Records from a collection
*** Block opens ***
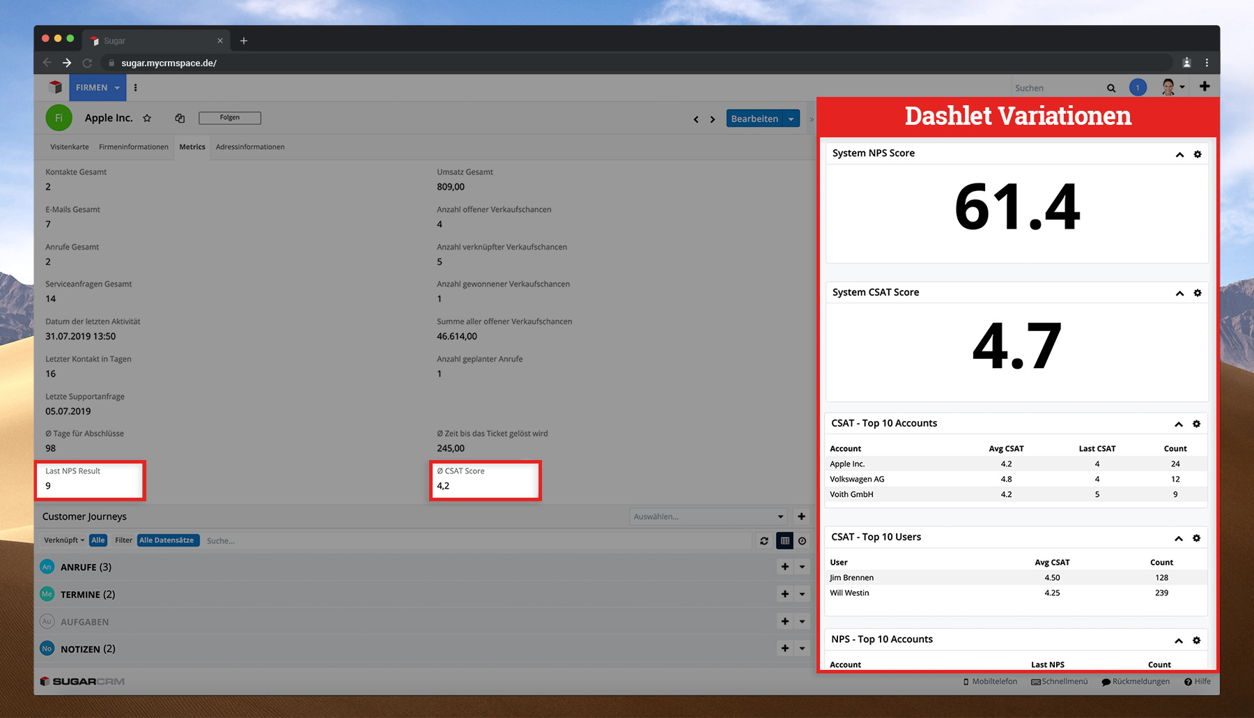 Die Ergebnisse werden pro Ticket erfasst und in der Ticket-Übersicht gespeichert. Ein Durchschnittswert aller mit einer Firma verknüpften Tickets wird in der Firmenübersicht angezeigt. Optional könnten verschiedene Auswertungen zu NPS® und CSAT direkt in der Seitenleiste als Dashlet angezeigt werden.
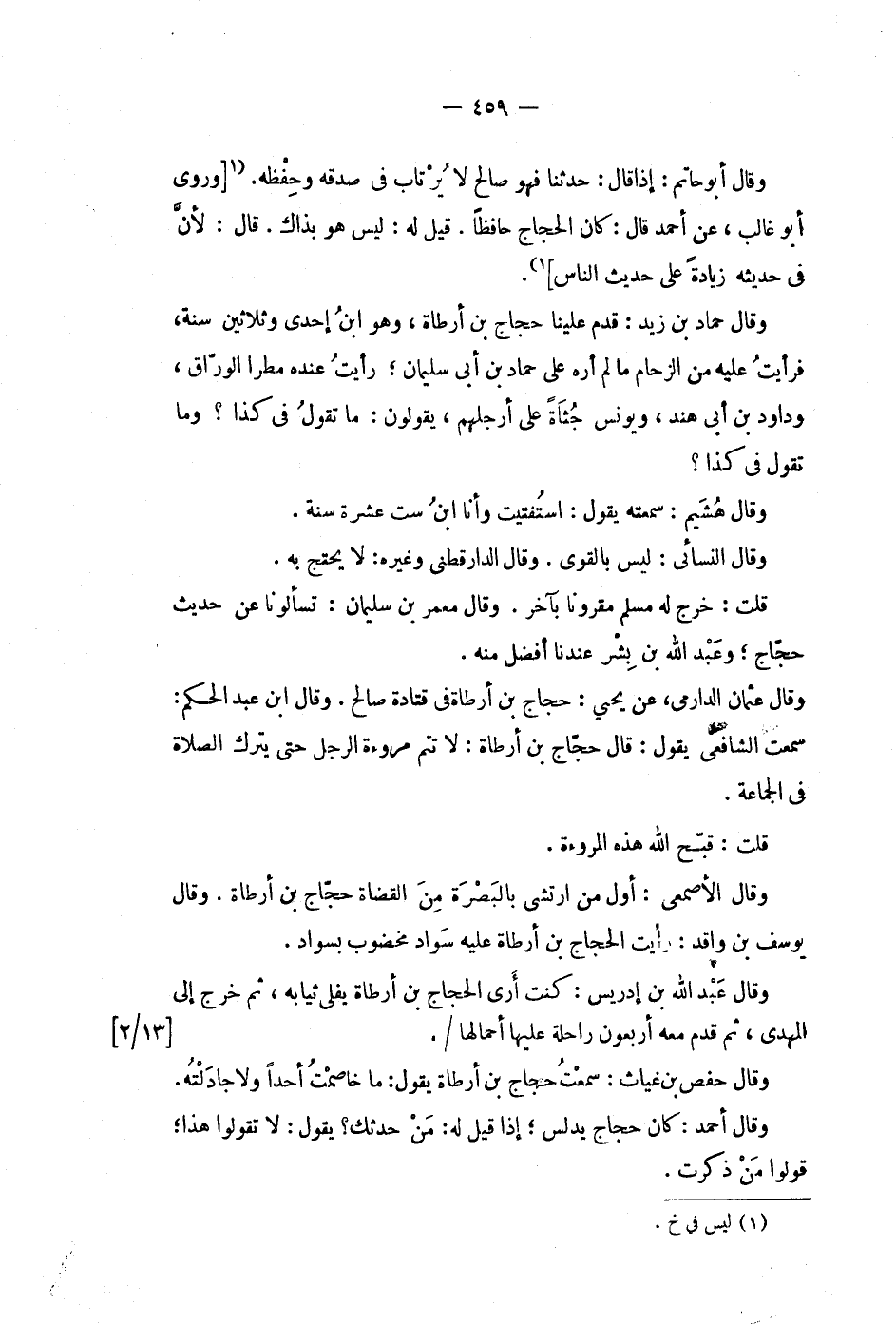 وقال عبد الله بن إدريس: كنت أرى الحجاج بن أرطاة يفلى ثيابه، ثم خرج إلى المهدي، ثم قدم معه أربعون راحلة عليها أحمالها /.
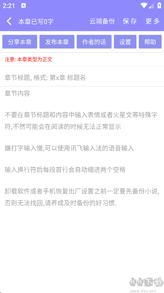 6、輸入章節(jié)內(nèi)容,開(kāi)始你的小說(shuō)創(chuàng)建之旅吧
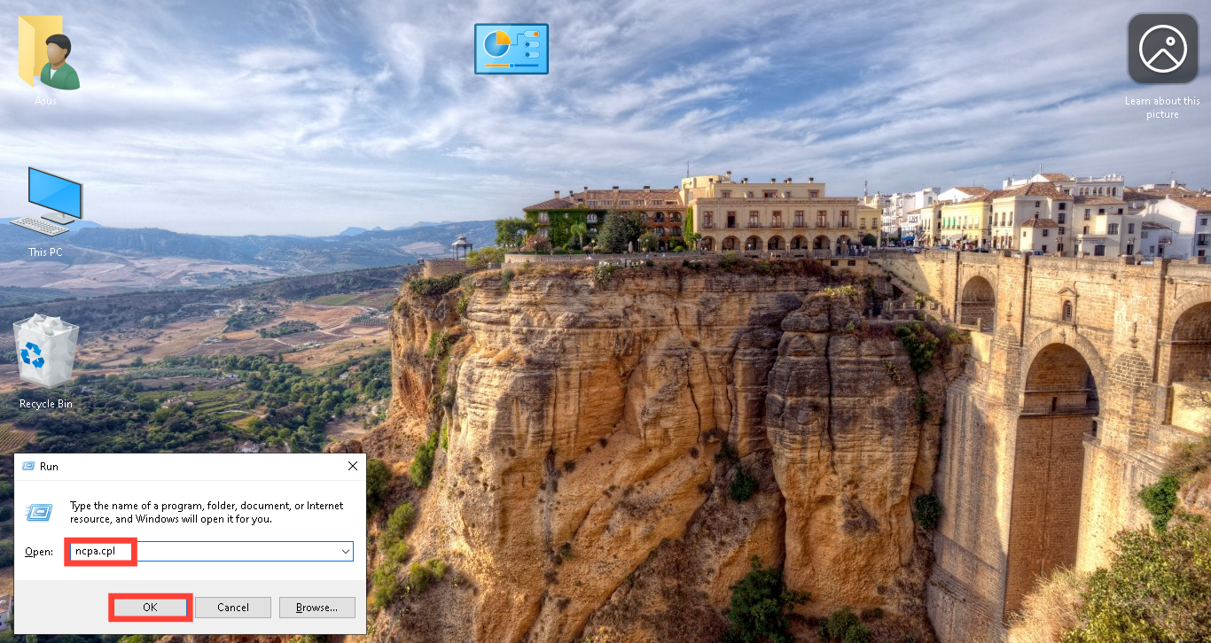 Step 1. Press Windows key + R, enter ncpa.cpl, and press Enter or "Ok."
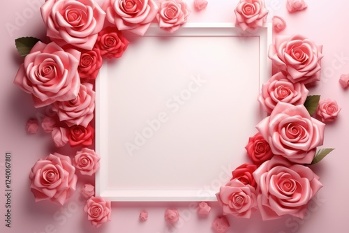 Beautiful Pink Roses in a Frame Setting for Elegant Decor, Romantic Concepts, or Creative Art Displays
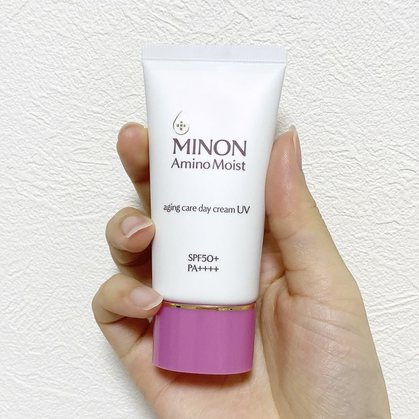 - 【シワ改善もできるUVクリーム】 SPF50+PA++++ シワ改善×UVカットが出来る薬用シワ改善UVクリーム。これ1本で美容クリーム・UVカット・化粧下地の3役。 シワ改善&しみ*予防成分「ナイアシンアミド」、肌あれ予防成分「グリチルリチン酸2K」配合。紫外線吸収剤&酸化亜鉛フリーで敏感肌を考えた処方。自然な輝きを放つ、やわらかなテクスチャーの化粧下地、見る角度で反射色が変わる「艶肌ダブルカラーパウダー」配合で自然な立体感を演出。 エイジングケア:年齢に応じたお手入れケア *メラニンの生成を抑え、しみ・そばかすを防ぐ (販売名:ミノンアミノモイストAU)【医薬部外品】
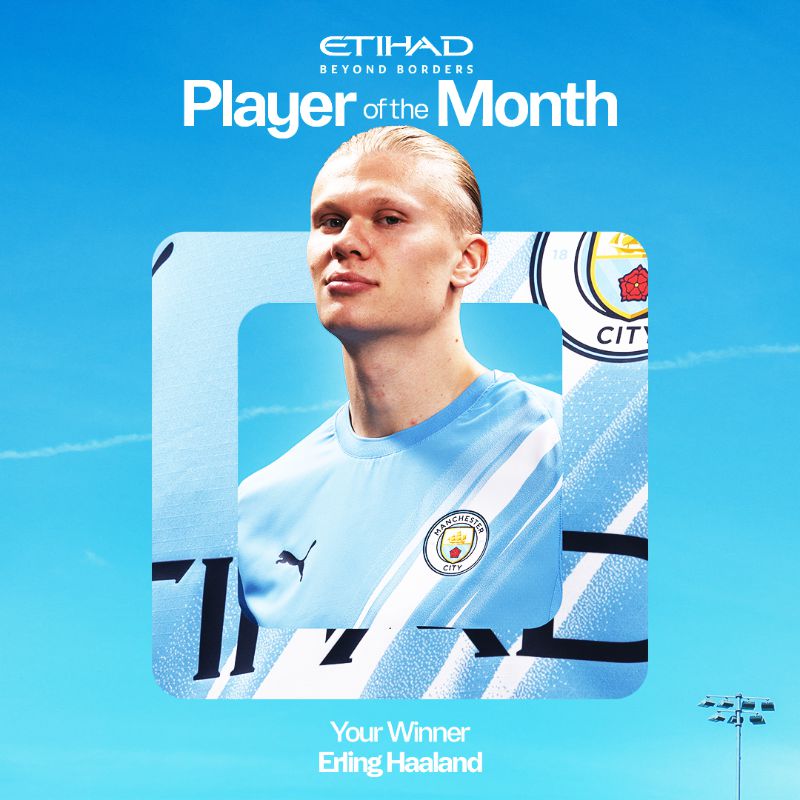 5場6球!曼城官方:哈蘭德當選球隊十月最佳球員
*** Block closes ***
▸ **WHAT TO PRODUCE**
Leaving out the pictures, print exactly and only the lines from the one containing "6、輸入章節(jié)內(n" through the last line of the records.

▸ **YOUR RESPONSE**
 6、輸入章節(jié)內(nèi)容,開(kāi)始你的小說(shuō)創(chuàng)建之旅吧
 Step 1. Press Windows key + R, enter ncpa.cpl, and press Enter or "Ok."
 Beautiful Pink Roses in a Frame Setting for Elegant Decor, Romantic Concepts, or Creative Art Displays
 - 【シワ改善もできるUVクリーム】 SPF50+PA++++ シワ改善×UVカットが出来る薬用シワ改善UVクリーム。これ1本で美容クリーム・UVカット・化粧下地の3役。 シワ改善&しみ*予防成分「ナイアシンアミド」、肌あれ予防成分「グリチルリチン酸2K」配合。紫外線吸収剤&酸化亜鉛フリーで敏感肌を考えた処方。自然な輝きを放つ、やわらかなテクスチャーの化粧下地、見る角度で反射色が変わる「艶肌ダブルカラーパウダー」配合で自然な立体感を演出。 エイジングケア:年齢に応じたお手入れケア *メラニンの生成を抑え、しみ・そばかすを防ぐ (販売名:ミノンアミノモイストAU)【医薬部外品】
 5場6球!曼城官方:哈蘭德當選球隊十月最佳球員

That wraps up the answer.